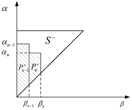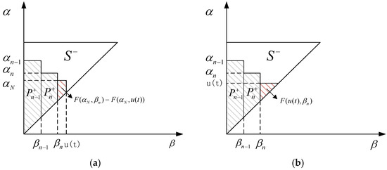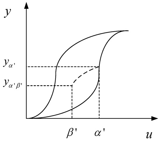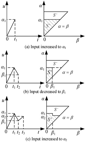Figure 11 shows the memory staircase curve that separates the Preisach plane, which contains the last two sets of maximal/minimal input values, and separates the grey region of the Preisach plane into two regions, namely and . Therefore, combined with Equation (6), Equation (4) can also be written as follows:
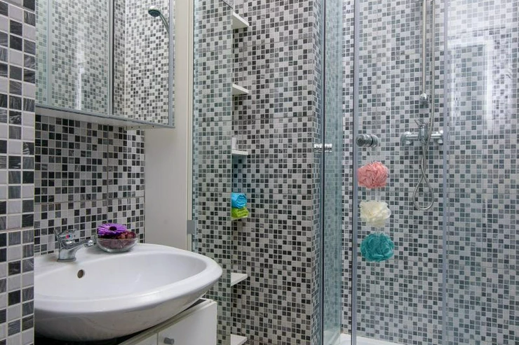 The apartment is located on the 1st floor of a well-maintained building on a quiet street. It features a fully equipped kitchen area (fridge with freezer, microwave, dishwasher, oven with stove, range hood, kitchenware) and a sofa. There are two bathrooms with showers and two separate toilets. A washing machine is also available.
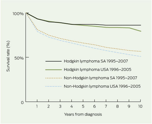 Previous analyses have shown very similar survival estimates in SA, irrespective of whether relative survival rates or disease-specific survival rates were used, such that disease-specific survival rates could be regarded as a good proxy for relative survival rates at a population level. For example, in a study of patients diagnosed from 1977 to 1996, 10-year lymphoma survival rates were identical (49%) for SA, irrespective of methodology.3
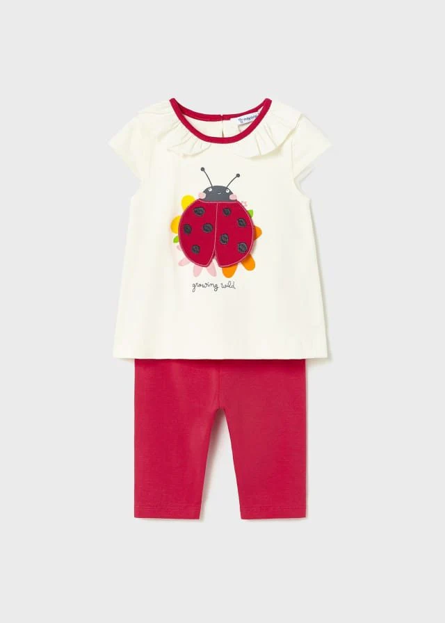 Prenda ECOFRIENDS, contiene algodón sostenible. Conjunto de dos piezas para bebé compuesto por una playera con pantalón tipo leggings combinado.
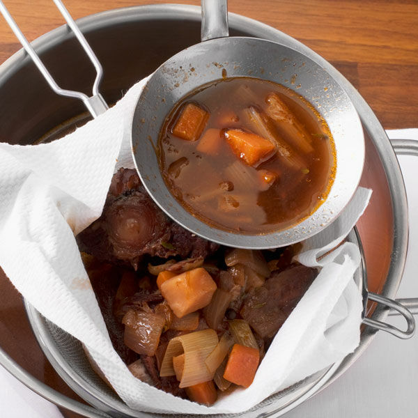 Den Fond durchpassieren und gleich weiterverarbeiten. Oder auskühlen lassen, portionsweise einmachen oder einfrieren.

***

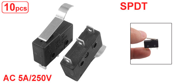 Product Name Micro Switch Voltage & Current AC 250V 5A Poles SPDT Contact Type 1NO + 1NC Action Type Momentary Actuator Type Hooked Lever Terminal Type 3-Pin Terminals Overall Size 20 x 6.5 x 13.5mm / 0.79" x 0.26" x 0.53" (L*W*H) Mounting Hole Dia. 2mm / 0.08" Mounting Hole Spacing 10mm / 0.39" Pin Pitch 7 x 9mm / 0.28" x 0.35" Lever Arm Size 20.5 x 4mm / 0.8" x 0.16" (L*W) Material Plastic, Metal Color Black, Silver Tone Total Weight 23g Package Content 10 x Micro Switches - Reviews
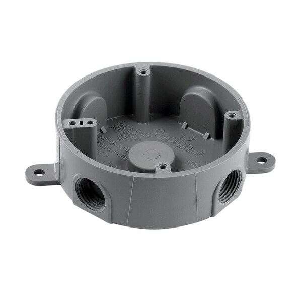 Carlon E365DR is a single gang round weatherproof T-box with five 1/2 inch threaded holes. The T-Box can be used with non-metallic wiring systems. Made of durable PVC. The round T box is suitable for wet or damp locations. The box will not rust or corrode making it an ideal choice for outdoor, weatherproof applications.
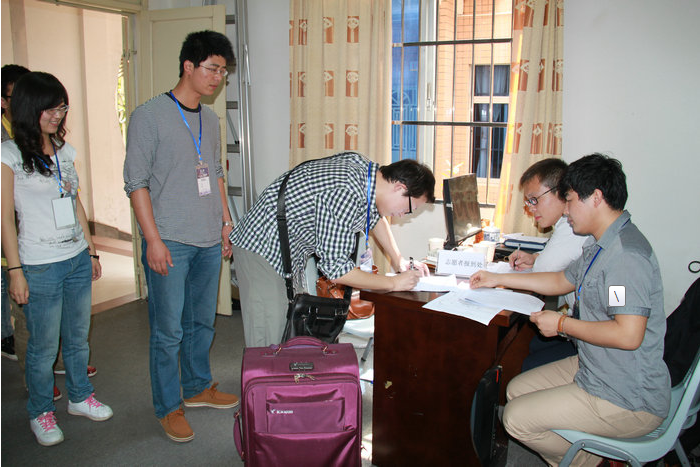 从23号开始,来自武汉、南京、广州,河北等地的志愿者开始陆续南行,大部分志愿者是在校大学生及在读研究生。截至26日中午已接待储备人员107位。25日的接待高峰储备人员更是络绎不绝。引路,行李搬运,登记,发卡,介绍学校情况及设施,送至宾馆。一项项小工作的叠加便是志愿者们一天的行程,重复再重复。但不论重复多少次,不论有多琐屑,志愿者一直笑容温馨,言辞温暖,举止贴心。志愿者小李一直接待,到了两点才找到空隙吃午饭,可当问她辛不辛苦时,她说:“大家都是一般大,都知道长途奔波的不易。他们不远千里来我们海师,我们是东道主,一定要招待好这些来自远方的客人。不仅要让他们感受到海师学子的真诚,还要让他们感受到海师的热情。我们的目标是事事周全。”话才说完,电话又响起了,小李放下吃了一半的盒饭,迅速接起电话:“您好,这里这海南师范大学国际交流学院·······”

***

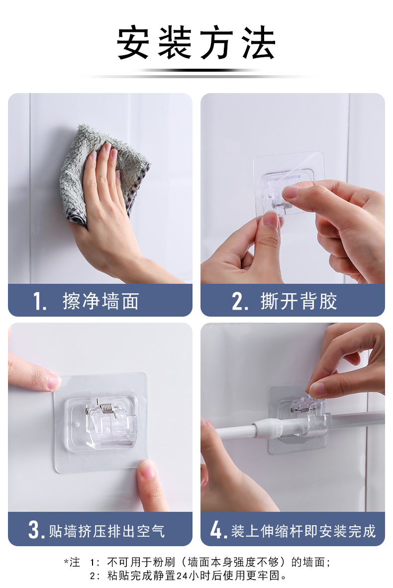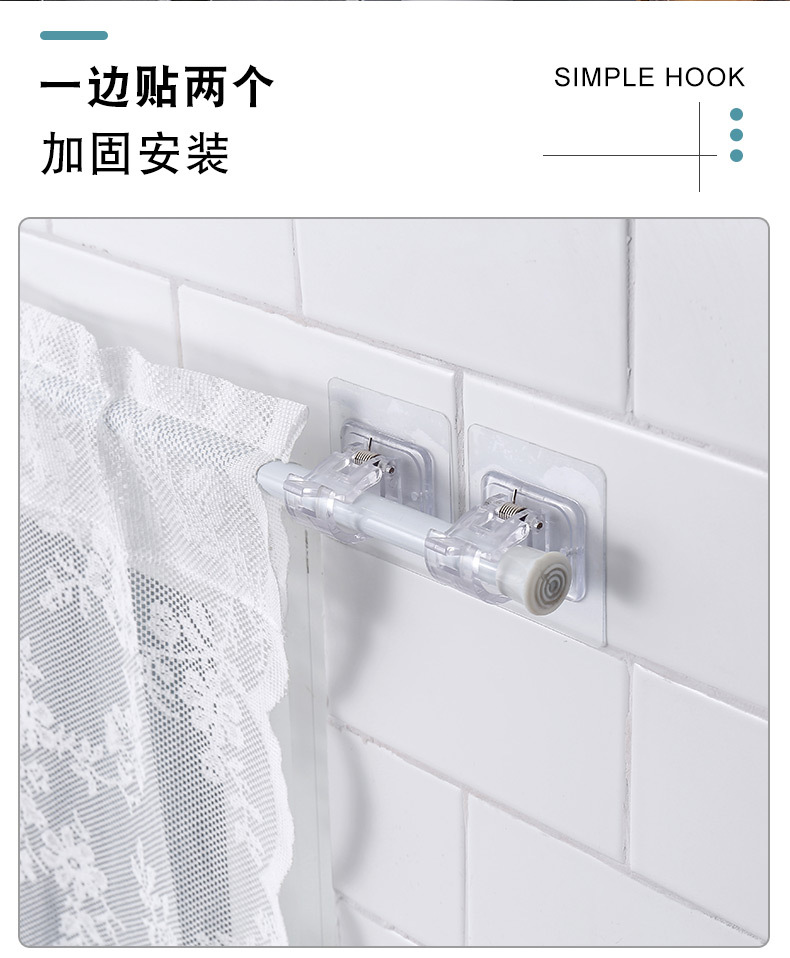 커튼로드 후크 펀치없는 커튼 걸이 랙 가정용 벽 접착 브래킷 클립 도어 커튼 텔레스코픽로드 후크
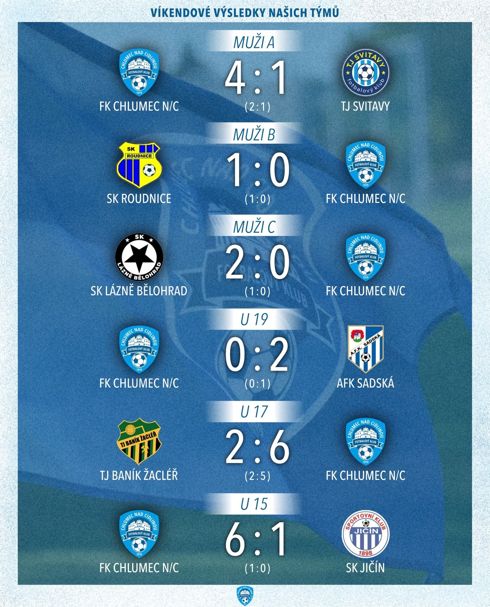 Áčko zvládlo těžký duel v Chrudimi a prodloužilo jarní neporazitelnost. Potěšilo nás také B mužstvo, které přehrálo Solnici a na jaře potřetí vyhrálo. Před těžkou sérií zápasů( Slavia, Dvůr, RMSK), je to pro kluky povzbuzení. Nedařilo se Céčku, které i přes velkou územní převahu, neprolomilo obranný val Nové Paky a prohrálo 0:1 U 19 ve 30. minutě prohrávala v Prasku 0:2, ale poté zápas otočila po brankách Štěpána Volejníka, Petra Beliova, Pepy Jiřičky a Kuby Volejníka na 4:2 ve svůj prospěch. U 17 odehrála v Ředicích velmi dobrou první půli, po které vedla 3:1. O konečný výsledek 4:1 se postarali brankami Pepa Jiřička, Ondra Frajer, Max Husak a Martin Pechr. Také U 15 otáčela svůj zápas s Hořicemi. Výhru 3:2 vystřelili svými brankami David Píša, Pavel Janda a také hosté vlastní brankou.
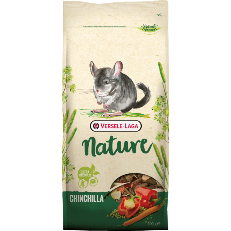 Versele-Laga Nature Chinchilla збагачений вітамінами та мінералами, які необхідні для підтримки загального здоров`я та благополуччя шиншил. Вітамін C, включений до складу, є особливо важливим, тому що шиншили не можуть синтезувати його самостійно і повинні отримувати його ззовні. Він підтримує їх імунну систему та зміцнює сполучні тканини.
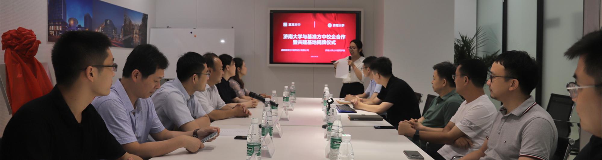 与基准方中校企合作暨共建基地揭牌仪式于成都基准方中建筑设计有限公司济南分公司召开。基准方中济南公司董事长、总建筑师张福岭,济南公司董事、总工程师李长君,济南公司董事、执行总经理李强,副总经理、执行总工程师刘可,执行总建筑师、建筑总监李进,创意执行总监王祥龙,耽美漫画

***

Every line above between the one containing "The apartment is" and the one containing "Den Fond durchpassieren", those two included, is to be printed exactly. No pictures go into the copy.

 The apartment is located on the 1st floor of a well-maintained building on a quiet street. It features a fully equipped kitchen area (fridge with freezer, microwave, dishwasher, oven with stove, range hood, kitchenware) and a sofa. There are two bathrooms with showers and two separate toilets. A washing machine is also available.
 Previous analyses have shown very similar survival estimates in SA, irrespective of whether relative survival rates or disease-specific survival rates were used, such that disease-specific survival rates could be regarded as a good proxy for relative survival rates at a population level. For example, in a study of patients diagnosed from 1977 to 1996, 10-year lymphoma survival rates were identical (49%) for SA, irrespective of methodology.3
 Prenda ECOFRIENDS, contiene algodón sostenible. Conjunto de dos piezas para bebé compuesto por una playera con pantalón tipo leggings combinado.
 Den Fond durchpassieren und gleich weiterverarbeiten. Oder auskühlen lassen, portionsweise einmachen oder einfrieren.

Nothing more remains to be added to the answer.